I think that at point B, the x and y values of the normal and the curve C are identical and hence I tried to substitute the parametric equations into the normal equation in a attempt to determine T, which would allow me to find the X and Y values. 
However, after subsitiution, I got $18sin(t) -64cos(2t) +23 = 0$
I don't know how to solve this and it feels like i'm not on the right path.

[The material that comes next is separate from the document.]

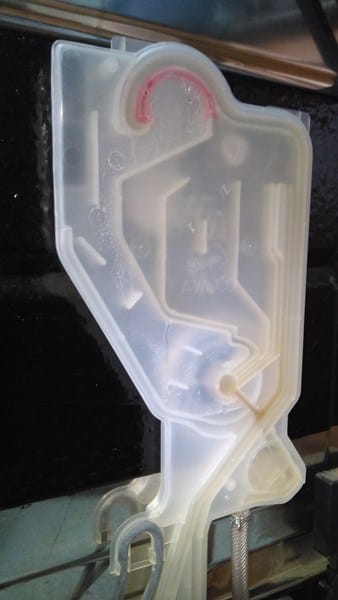He desmontado y montado la cámara de vahos pero sigue haciendo lo mismo. La junta que tiene, no tenía mala pinta pero tenía una zona blanquecina, como si fuera cal. ¿Podría ser consecuencia de la fuga? Y si no es de la junta, ¿Puede ser la cámara de vahos? A simple vista no parece que un simple depósito de plástico se puede romper, ¿pero tendrá algún tipo de válvula o algo que pueda fallar?

Can somebody clarify as to the best way to approach this problem?
Many thanks
 A: It seems the following.
You proceeded OK, and it rests to solve the equality $18\sin t  - 64\cos 2t +23 = 0$. Do it.  We have $\cos 2t=1- 2\sin^2 t$. So 
$18\sin t  - 64(1- 2\sin^2 t) +23 = 0$
$128\sin^2 t+18\sin t  - 41 = 0$
$\sin t=\frac{-9\pm 73}{128}$
$\sin t_1=\frac{1}{2}$ - this is for the first intersection point
$\sin t_2=\frac{-41}{64}$ 
$\cos 2t_2=1- 2\sin^2 t_2=\frac{367}{2048}$ - this is for second intersection point
Then $B=(4\cos 2t_2, 3\sin t_2)=\left(\frac{367}{512},\frac{-123}{64}\right)$.

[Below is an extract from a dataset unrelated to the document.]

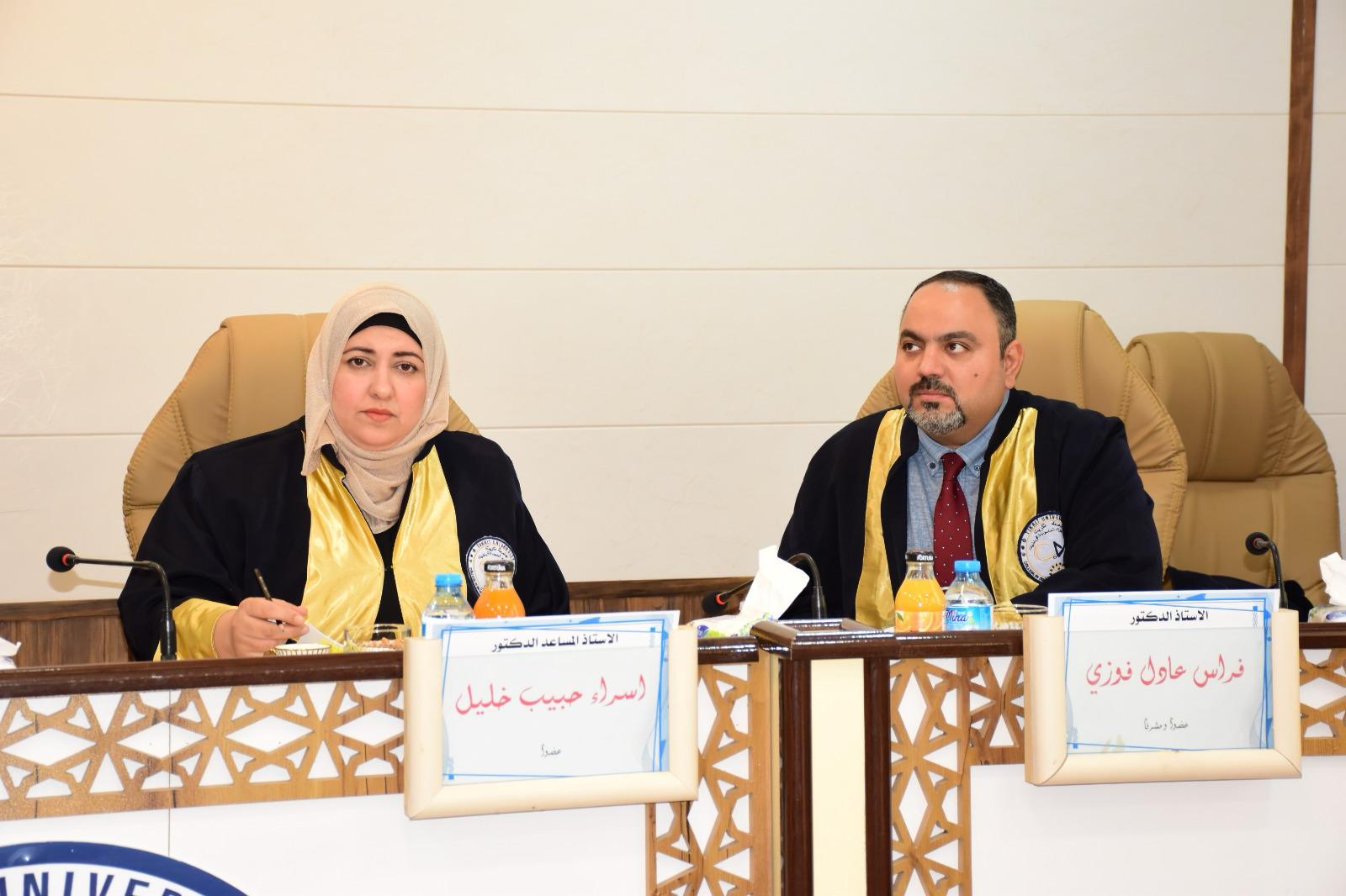 هذا وقد حضر المناقشة عدد من التدريسيين وطلبة الدراسات.

A: You are on the right path.  If you solve that trigonometric equation for $t$, that will give you the values (plural) of the parameter for which the normal line intersects the parametric curve.  The Cartesian coordinates then correspond to plugging in that value of $t$ into the parametric equations.
So to get you started, write $$\begin{align*}  0 &= 18 \sin t - 64 \cos 2t + 23 \\ &= 18 \sin t - 64 (1 - 2\sin^2 t) + 23 \\ &= 128 \sin^2 t + 18 \sin t - 41. \end{align*}$$  Then let $u = \sin t$ and solve the resulting quadratic in $u$; then take the inverse sine to recover $t$.